And yet mingled with the old bitterness was a new sweetness, Helen’s sympathy, Helen’s understanding. It had never occurred to him before that children could give something as well as take all—the all he was so thankful to give them. Why, he thought wistfully, Helen might be the companion he had never had. He shook his head. No, that would not be fair to her. No dead-hand business! She must find her companions in her own generation. He must be ready to stand aside and let her pass on when the time came. That new sweetness was offered to him only that he might learn to make another renunciation.

He looked about him to see if there was anything to be done for the house before he went to bed. “Shall I close that window over there?” he thought to himself. “No, the night is warm. It will give us more air.”

He wheeled himself to the closed door of the dining-room, opened it and perceived that the wind was blowing hard from the other direction, for a strong draught instantly sucked past him between the open window back of him and the open window at the head of Stephen’s bed. He felt the gust and saw the long, light curtain curl eddying out towards him over the flicker of Stephen’s bedside candle.

It caught in an instant. It flared up like gun-cotton, all over its surface. It came dropping down ... horribly dropping down towards Stephen’s unconscious, upturned face ... flames on that tender flesh!


Stephen’s father found himself standing by the bed, snatching the curtain to one side, crushing out the flames between his hands.
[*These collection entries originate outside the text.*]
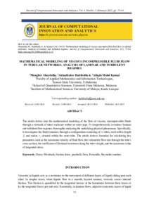 Shaydulla, Mengliev and Habibulla, Akhadkulov and Mohd Kamal, Afiqah (2025) Mathematical Modeling of Viscous Incompressible Fluid Flow in Tubular Networks: Analysis of Laminar and Turbulent Regimes. Journal of Computational Innovation and Analytics (JCIA), 4 (1). pp. 75-84. ISSN 2821-3408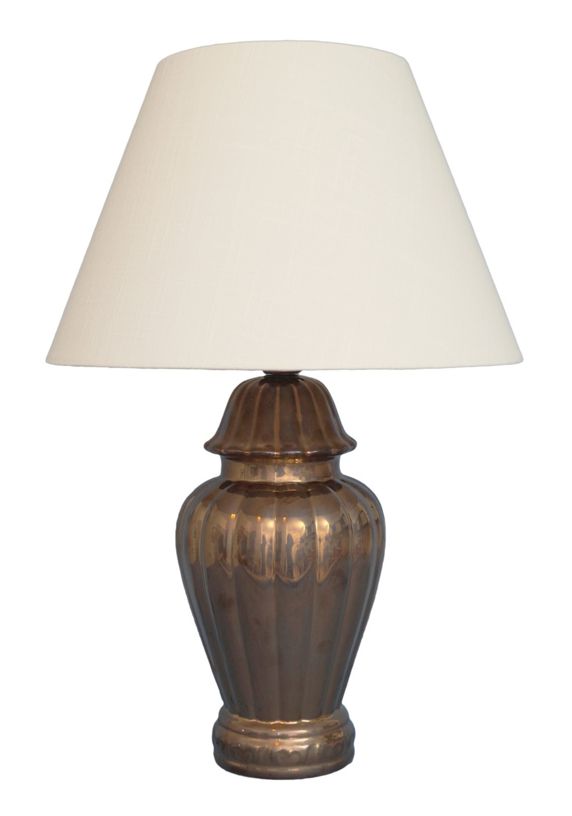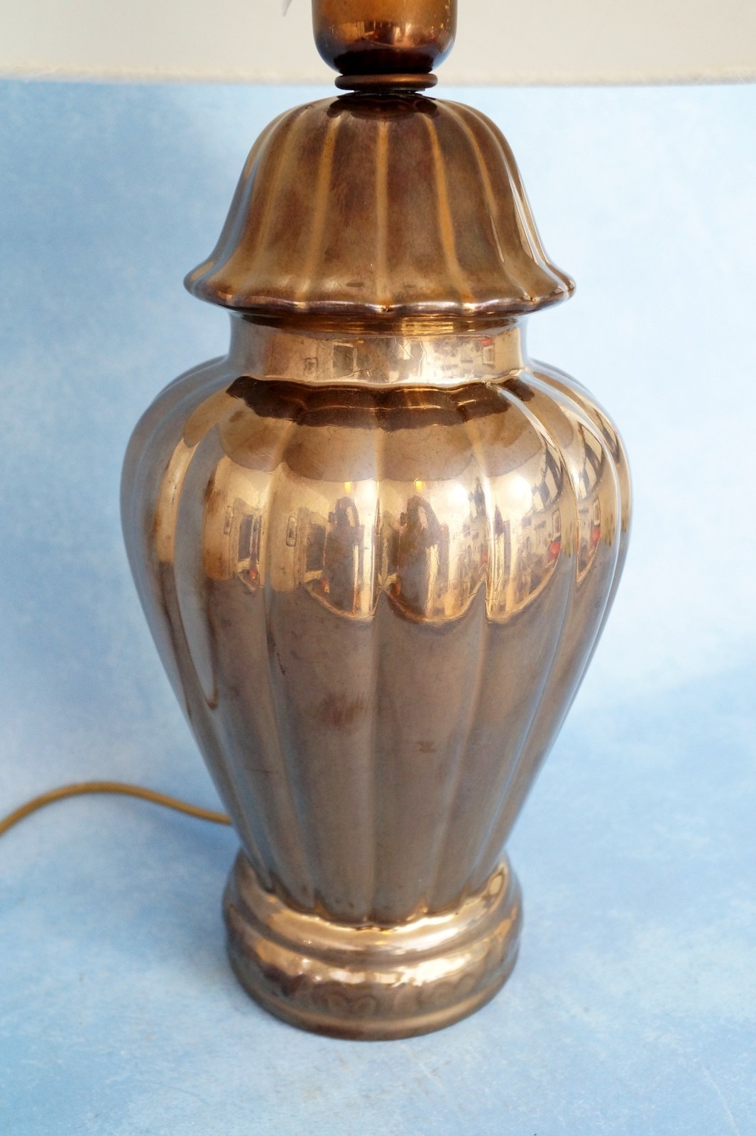 Beautiful Art Nouveau/Art Deco amphora -lamp.ETWA 1970s. High -quality ceramic foot - measurement from the outside - very noble! Total height 55 cm, shield diameter 37 cm. NEW cream -colored fabric shade - also to me brown shield, up to 60 watts. Brass-colored PVC supply line with intermediate switch.
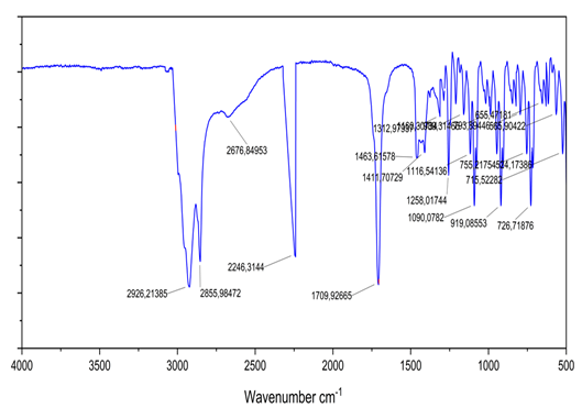 Полученные нитрилы жирных кислот — были проанализированы методом инфракрасной спектроскопии на спектрометрах "Agilent Technologies Cary 640 Series FTIR" с ИК-спектральным диапазоном 4000–400 см−1 (Рисунок 6). Анализ ИК-спектра нитрила жирной кислоты показал следующее: полоса поглощения при 2246 см−1 подтвердила наличие нитрильной CN группы.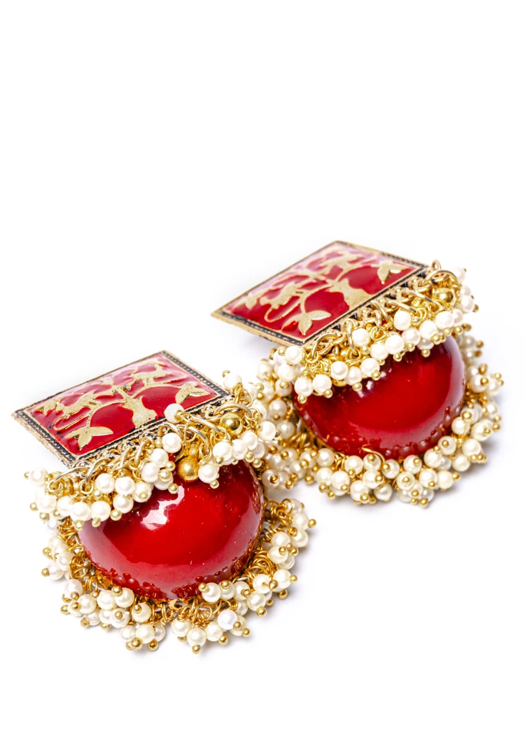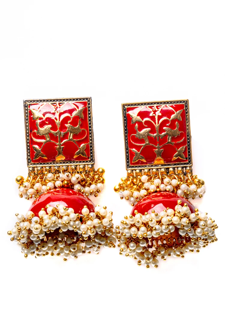 Jhumka earring with red colour and gold-tone finish featuring square shaped top with red coloured enamel inlay and fine meenakari detailing adorned with a series of small circular pearl beads at the edges and a push back closure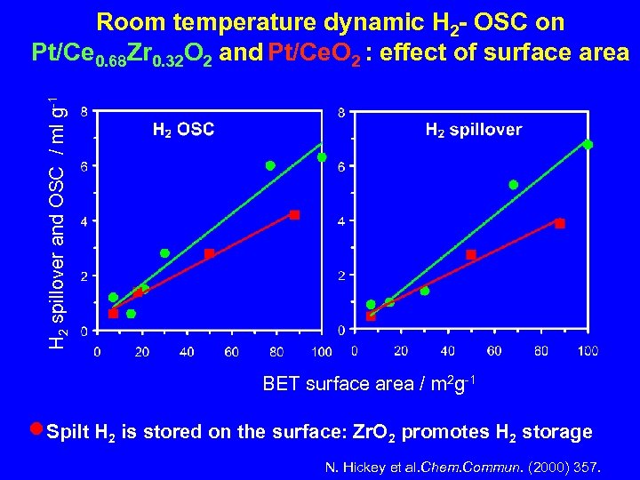 H 2 spillover and OSC / ml g-1 Room temperature dynamic H 2 - OSC on Pt/Ce 0. 68 Zr 0. 32 O 2 and Pt/Ce. O 2 : effect of surface area BET surface area / m 2 g-1 n. Spilt H 2 is stored on the surface: Zr. O 2 promotes H 2 storage N. Hickey et al. Chem. Commun. (2000) 357.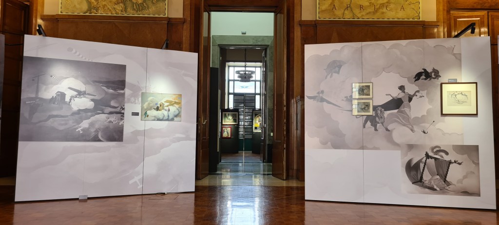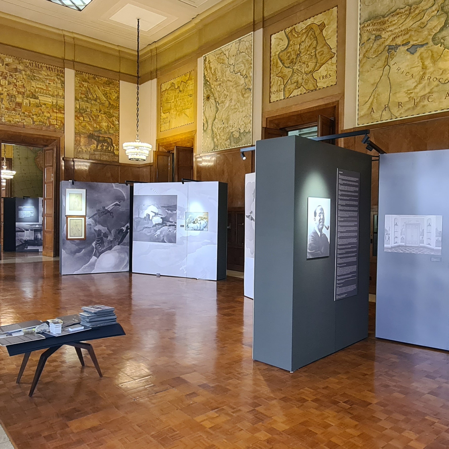 A Palazzo Aeronautica saranno riuniti per la prima volta anche documenti, foto e cimeli provenienti da prestatori e collezioni italiane, pubbliche e private, e sarà possibile ammirare alcuni dei dipinti murali che il famoso pittore e cartellonista realizzò dal 1931 al 1933 negli ambienti dell’allora Ministero dell’Aeronautica. La riscoperta ed il restauro di tali opere murali, rimaste finora nascoste al pubblico, è stata possibile grazie alla virtuosa collaborazione tra l’Aeronautica Militare e la Soprintendenza Speciale Archeologica Belle Arti e Paesaggio di Roma.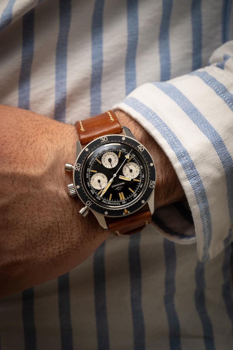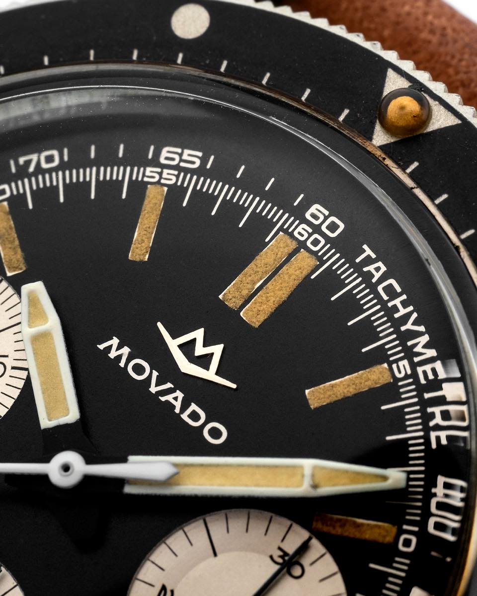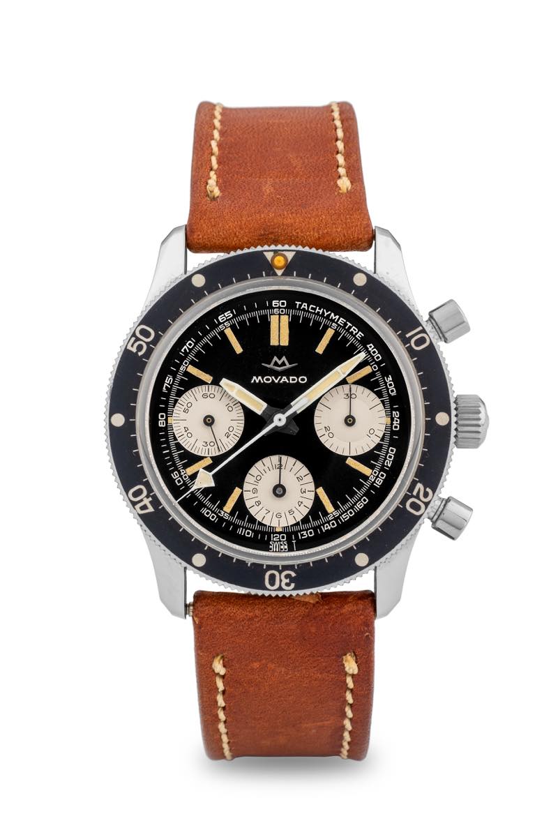 § MOVADO Super Sub Sea. Referenza 206-704-501. Movimento 146 HP a carica manuale. Cassa in acciaio con diametro da 41 mm. Dial nero con indici a bastone a 3 contatori con secondi al 9. Lunetta girevole bidirezionale. Bracciale in pelle non originale con fibbia ad ardiglione in acciaio anonima. Fondello in acciaio inciso esternamente. Vetro plexiglas. 1970 ca. Orologio in buone condizioni generali. Al momento della catalogazione l’orologio risulta essere funzionante ma il movimento non è stato testato per la precisione del tempo.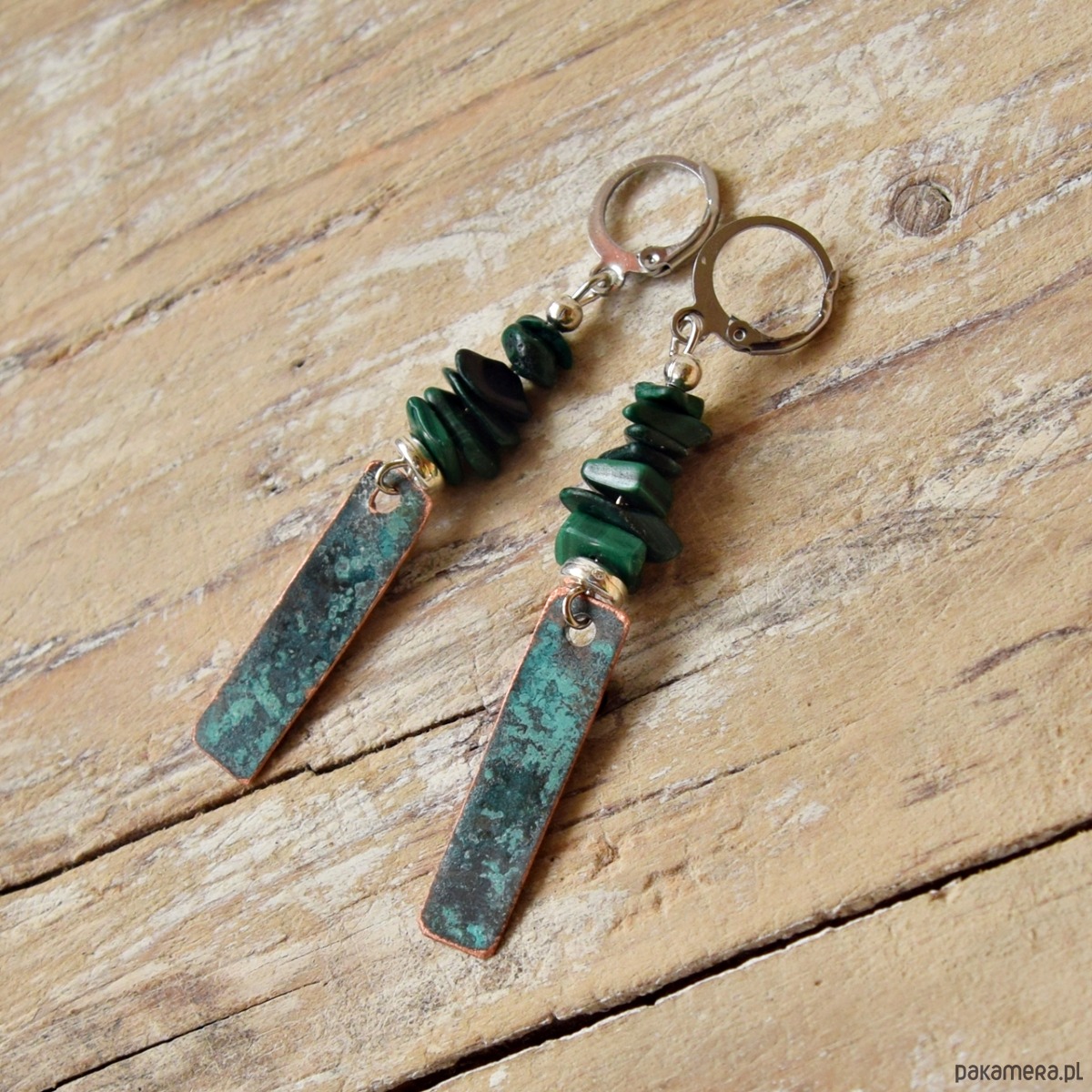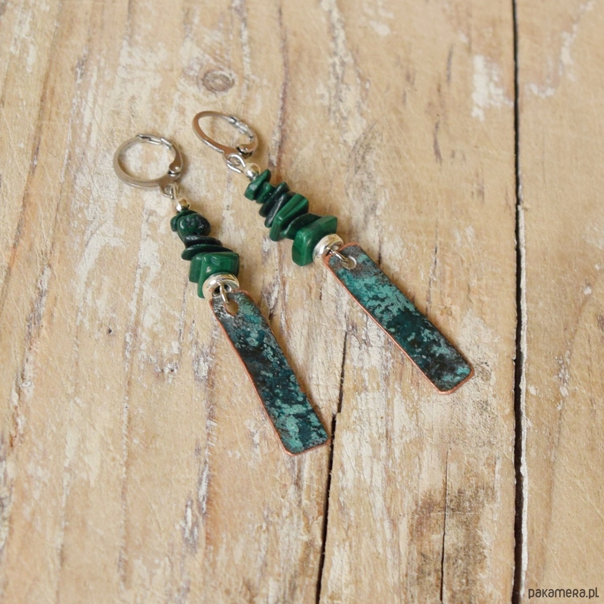 Kolczyki wykonane z patynowanej miedzi (naturalna zielona patyna) oraz malachitu, na biglach angielskich ze stali chirurgicznej.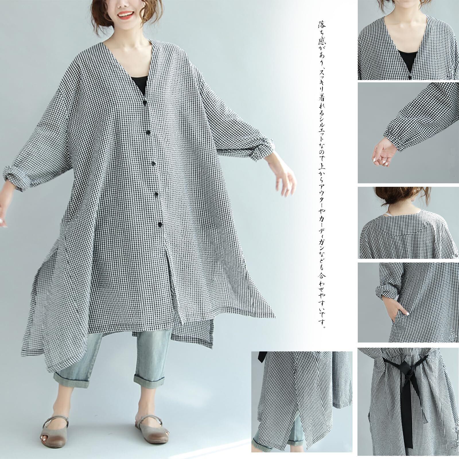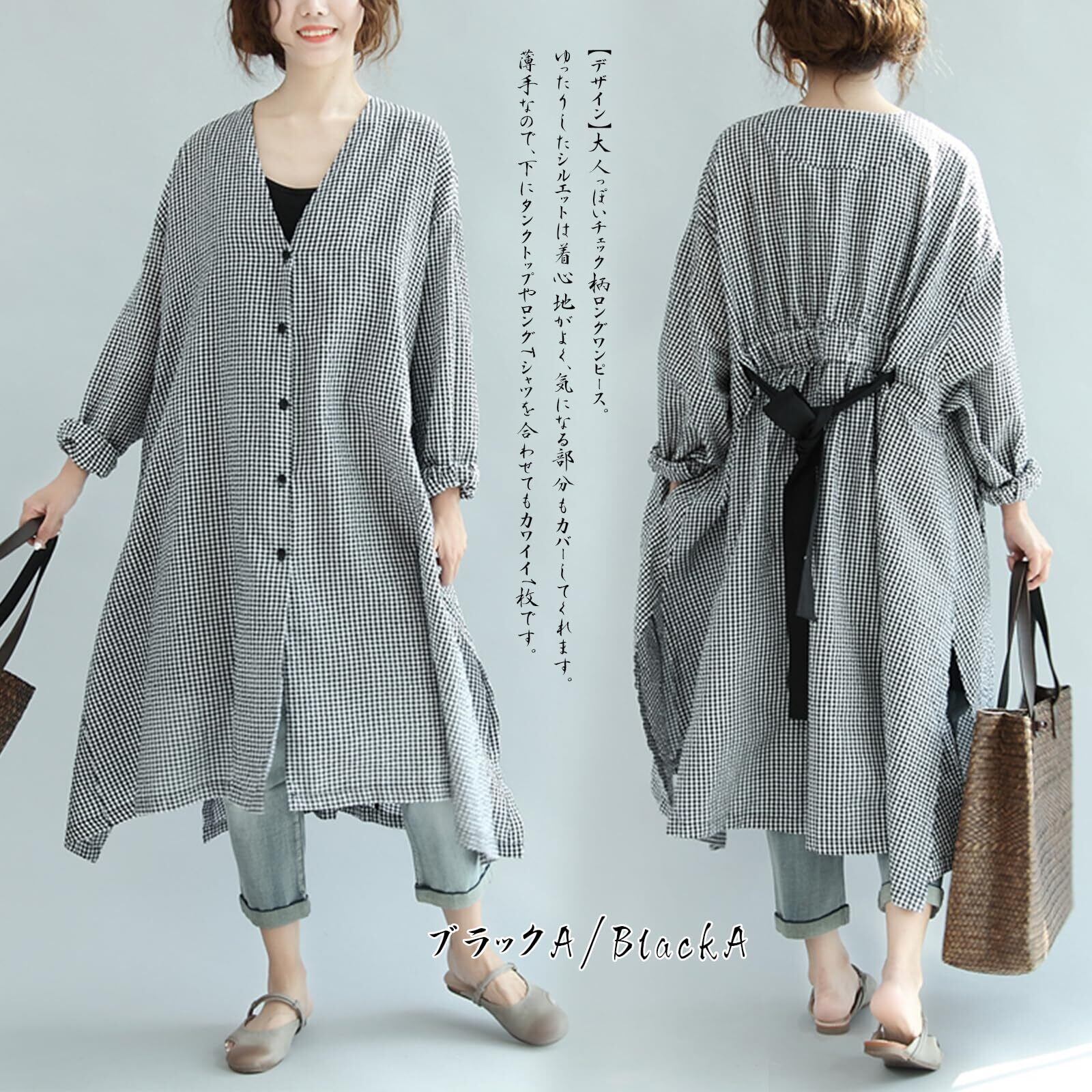 【在庫処分】[RoyzTocz] ワンピース レディース ロングシャツ カーディガン シャツ ワンピース チェック柄 ドレス Aライン 長袖 半袖 Vネック 立ち襟 きれいめ カジュアル ファッション ロングワンピース おしゃれ 体型カバー 着痩せ 普段着 通勤 春夏秋 | BOSSO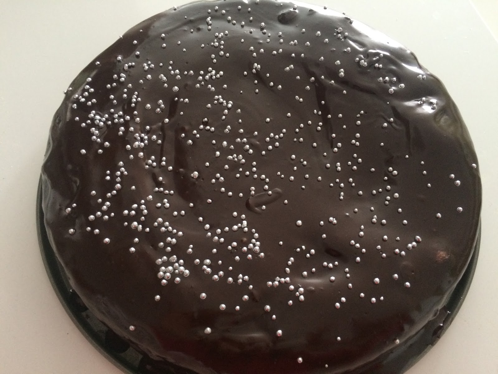 6. Desmolda el bizcocho, cubre con el chocolate y deja que se enfríe y endurezca

His wheel chair still stood by the open door.

The draught between the two open windows now blew out the candle abruptly. In the darkness the door slammed shut with a loud report.


But the room was not dark to Lester. As actually as he had seen and felt the burst of flame from the curtain, he now felt himself flare up in physical ecstasy to be standing on his own feet, to know that he had taken a dozen steps, to know that he was no longer a half-man, a mutilated wreck from whom normal people averted their eyes in what they called pity but what was really contempt and disgust.

He was like a man who has been shut in a cage too low for him to stand, who has crouched and stooped and bowed his shoulders, and who suddenly is set free to rise to his full stature, to throw his arms up over his head. The relief from oppression was as rending as a pain. It was a thousand times more joyful than any joy he had ever known. His self, his ego, savagely, grimly, harshly beaten down as it had been, sprang up with an exultant yell.